According to the book of Proverbs in the Bible, of the 7 things that God detests, coming top of the list is "a lying tongue." If this is not a reason good enough to maintain honesty as a vital virtue, then look at it as one of the fundamental and indispensable pillars for the reinforcement of institutions that are based on human relationships. Think about it:If there is no honesty, there would be no trust, and if there is no trust, there is absolutely no relationship. The most agonizing thing that could happen to anyone is to ardently trust and believe in a life that they are leading, only to wake up one day and discover that it is all a facade.Therefore, in doing unto others what I would have then do unto me, I can only strive to inject honesty into my system each waking day of my life. Furthermore, the most demanding life lived should be one that requires the maintenance of a fictitious reputation, a constant scheming of the next cover up plan for the person that you truly are. With that in mind, the sooner I can admit to my imperfections, the better and more rewarding my interaction with myself and others will be.

As my train of thoughts arrives at its terminal, I must admit that I cherish honesty deeply. Therefore, just as charity begins at home, so must my practice of honesty begin with myself.

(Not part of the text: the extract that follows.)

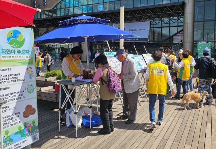 부천지부 20명의 봉사자는 주말을 맞아 ‘EM흙공을 활용한 깨끗한 물 환경 만들기’를 주제로 부천시 북부역 광장에서 자연아 푸르자 캠페인을 진행했고 160여 명의 시민이 참여했다.

While I would appreciate greatly, that the people I encounter would be truthful and with a high sense of integrity, I would like to see that I too remain the same person that I present myself to be...That I can stand by my words and promises, and that there would be no wine where there should be water... That I can freely express my inner fears and weaknesses without trying to appear too strong for failure... That if I fail in my faith, I can be able to acknowledge the fall and willingly ask God to raise me up again...and that I can exercise my feelings with a straightforward attitude. If I could create a halo of honesty on everyone, I wouldn't hesitate.Unfortunately, being honest is a virtue we must individually choose to actively pursue.So as you disembark from my train this morning,I can only hope that you have taken the shortest route to your next destination via the honesty terminal.